GOAL OF THE EXERCISE: Reproduce the line with "ArmHang-ը հիմնված է" and everything after it in the listing below, exactly, both ends included. No pictures.

DATA SEGMENT:
==============================
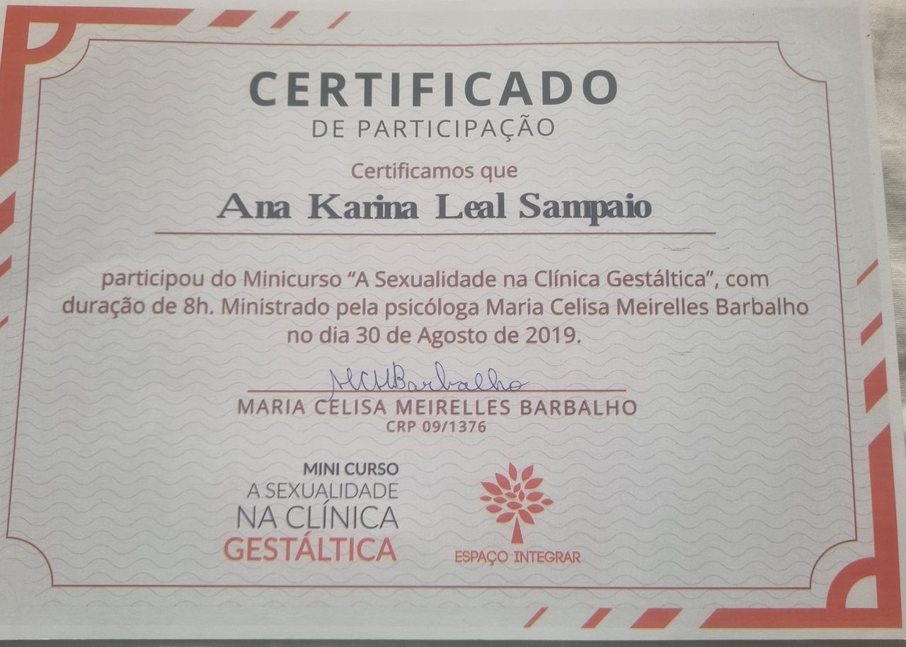 Psicóloga formada a 10 anos e Gestalt Terapeuta há 5 anos.
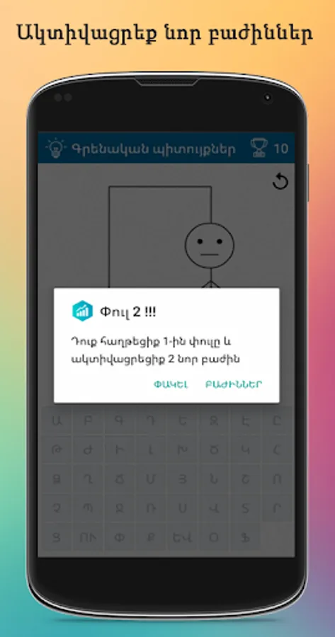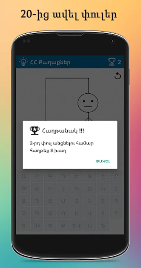 ArmHang-ը հիմնված է դասական «Hangman» խաղի վրա: Խաղում անհրաժեշտ է կռահել նշված բաժինների բառերը: Խաղում դուք ունեք ընդամենը 6 սխալի հնարավորություն:
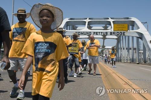 미국 NBC 방송 등에 따르면 미국 내 최대 흑인 인권단체인 전미유색인지위향상협회(NAACP)는 1일(현지시간) '셀마 행진'의 출발점이었던 앨라배마 주 셀마의 에드먼트 페터스 다리에서 '정의를 위한 미국의 여정'을 시작했다.
==============================
RESPONSE TO THIS TASK:
 ArmHang-ը հիմնված է դասական «Hangman» խաղի վրա: Խաղում անհրաժեշտ է կռահել նշված բաժինների բառերը: Խաղում դուք ունեք ընդամենը 6 սխալի հնարավորություն:
 미국 NBC 방송 등에 따르면 미국 내 최대 흑인 인권단체인 전미유색인지위향상협회(NAACP)는 1일(현지시간) '셀마 행진'의 출발점이었던 앨라배마 주 셀마의 에드먼트 페터스 다리에서 '정의를 위한 미국의 여정'을 시작했다.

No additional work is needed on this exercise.